The combination of these five factors may explain why IPC, by activating Akt and enhancing HK binding to VDAC, slows the rate of ATP decline during the subsequent prolonged ischemic episode [93], and also attenuates the massive burst of ROS that occurs upon reperfusion after prolonged ischemia by bolstering cytochrome c- and GSH-related antioxidant power. The combination of reduced Bax/Bad interaction with VDAC, less futile ATP consumption by reverse F0-F1 ATPase, enhanced adenylate kinase-mediated ATP generation in the IMS, and increased G6P production to facilitate both glycolytic ATP generation and antioxidant power via the pentose phosphate shunt may allow the heart to preserve a better metabolic profile during ischemia, and be better prepared to limit oxidative injury following reperfusion. In combination, these actions may avert long-lasted mPTP opening and limit cell death in pre-conditioned hearts (Fig. 3).

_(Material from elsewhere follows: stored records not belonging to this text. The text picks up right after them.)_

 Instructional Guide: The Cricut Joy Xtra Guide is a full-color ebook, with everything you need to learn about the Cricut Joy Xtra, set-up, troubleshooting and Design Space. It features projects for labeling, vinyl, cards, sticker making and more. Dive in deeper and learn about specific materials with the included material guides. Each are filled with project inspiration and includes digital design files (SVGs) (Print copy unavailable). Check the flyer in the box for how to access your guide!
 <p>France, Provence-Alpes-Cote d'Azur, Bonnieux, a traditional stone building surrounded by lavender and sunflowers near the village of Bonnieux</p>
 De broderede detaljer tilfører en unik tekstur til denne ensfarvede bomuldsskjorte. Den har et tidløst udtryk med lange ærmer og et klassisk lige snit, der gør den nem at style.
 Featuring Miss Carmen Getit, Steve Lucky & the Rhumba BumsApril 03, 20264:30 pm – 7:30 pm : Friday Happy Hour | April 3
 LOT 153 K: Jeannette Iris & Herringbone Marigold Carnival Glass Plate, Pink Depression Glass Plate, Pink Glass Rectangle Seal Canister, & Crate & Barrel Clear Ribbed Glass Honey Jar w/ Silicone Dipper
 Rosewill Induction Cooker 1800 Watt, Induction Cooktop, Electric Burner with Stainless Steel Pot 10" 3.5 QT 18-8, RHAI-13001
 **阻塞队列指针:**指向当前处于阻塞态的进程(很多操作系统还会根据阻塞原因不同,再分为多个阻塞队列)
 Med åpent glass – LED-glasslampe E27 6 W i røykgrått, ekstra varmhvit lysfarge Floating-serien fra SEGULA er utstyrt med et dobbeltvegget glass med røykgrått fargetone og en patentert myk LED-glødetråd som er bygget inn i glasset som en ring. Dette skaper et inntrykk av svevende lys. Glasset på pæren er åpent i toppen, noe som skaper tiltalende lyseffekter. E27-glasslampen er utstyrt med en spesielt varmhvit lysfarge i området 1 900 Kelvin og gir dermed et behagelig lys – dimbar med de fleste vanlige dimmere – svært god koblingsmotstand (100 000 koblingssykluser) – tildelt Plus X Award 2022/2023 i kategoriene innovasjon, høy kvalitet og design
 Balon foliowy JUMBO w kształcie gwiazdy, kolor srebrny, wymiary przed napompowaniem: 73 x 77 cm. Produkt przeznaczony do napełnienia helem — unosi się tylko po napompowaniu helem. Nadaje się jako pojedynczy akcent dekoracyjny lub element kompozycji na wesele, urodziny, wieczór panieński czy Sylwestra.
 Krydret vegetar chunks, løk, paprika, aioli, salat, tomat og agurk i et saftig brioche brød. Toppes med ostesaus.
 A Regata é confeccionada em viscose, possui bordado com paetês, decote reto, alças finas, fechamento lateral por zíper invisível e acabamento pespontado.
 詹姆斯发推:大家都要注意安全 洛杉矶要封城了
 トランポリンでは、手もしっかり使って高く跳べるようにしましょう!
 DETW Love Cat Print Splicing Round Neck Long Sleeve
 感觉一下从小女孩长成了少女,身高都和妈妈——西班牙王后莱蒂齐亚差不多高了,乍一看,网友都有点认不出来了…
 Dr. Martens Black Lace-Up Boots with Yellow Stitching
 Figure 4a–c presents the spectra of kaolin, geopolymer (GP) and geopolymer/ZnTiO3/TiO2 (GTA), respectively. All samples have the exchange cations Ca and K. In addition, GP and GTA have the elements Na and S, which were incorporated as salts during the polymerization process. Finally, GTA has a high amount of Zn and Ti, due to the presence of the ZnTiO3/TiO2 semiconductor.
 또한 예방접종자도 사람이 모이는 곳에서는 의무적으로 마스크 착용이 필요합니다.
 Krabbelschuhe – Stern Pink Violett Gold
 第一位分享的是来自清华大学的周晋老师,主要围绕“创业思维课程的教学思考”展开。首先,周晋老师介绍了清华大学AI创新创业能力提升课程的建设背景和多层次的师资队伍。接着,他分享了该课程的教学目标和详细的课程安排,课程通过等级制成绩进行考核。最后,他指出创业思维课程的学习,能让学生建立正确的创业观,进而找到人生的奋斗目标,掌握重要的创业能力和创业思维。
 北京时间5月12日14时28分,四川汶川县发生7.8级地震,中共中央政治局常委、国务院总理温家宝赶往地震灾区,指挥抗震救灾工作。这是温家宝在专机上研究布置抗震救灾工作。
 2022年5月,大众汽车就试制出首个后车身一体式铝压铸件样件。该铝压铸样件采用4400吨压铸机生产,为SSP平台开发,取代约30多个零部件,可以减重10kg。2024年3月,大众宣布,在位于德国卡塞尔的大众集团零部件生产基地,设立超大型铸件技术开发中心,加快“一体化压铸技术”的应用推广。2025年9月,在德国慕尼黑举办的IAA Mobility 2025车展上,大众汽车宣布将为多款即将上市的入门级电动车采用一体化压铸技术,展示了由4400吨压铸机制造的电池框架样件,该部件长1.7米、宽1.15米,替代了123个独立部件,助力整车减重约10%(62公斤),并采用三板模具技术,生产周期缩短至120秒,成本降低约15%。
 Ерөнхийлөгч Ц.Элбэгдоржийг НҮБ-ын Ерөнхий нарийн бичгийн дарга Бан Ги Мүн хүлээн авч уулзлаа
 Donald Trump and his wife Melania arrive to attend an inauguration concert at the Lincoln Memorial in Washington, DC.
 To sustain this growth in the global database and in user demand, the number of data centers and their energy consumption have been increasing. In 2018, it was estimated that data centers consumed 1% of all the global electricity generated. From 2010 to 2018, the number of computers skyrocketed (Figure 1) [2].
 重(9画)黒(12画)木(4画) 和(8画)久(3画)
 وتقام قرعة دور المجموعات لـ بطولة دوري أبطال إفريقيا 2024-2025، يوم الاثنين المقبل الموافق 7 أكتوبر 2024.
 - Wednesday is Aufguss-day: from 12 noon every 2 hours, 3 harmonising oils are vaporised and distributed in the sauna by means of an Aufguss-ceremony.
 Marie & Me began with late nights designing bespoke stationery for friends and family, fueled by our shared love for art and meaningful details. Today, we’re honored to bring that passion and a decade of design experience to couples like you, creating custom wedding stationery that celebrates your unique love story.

HK and metabolic profiles in cancer, developing hearts, and normal and diseased adult hearts

Differences in susceptibility to I/R injury and efficacy of IPC in various cells types in relation to their metabolic profiles may provide additional clues about the role of HK in cardioprotection. Specifically, cancer cells exhibit Warburg-like metabolic profiles characterized by enhanced anaerobic glycolysis, reduced glucose oxidation, upregulated glycolytic enzymes (including HK) and down-regulated oxidative phosphorylation enzymes, elements of which are shared by neonatal hearts, and hypertrophied or failing adult hearts (Table 1). Neonatal hearts, like cancer cells, are intrinsically less susceptible to I/R injury, and are not further protected by IPC like normal adult hearts [94]. Hypertrophied and failing adult hearts, on the other hand, show some elements of the Warburg metabolic profile, but are not necessarily less susceptible to I/R injury or as effectively cardioprotected by IPC compared to normal adult hearts [95-98]. Here we review the relationship between susceptibility to I/R injury, efficacy of IPC and the metabolic profiles in these different cell types.

Table 1.

Summary of HK isoforms, metabolic profiles, susceptibility to I/R injury and ability to protect by IPC in different settings.

Tissue Predominant HK isoform Metabolic Profile Susceptibility to I/R injury Protection by IPC
Glycolysis Glu Ox FA Ox
Adult heart HK2 Low Low High High High
Cancer cells HK2 High Low Low Low ?
Fetal/Neonatal heart HK1 High High Low Low Low
Hypertrophied adult heart HK2 High Low Low High High
Failing adult heart HK2 Low Low Low Low? Low?
Diabetic adult heart HK1 Low Low High Low (short term diabetes) Low
High (long term diabetes)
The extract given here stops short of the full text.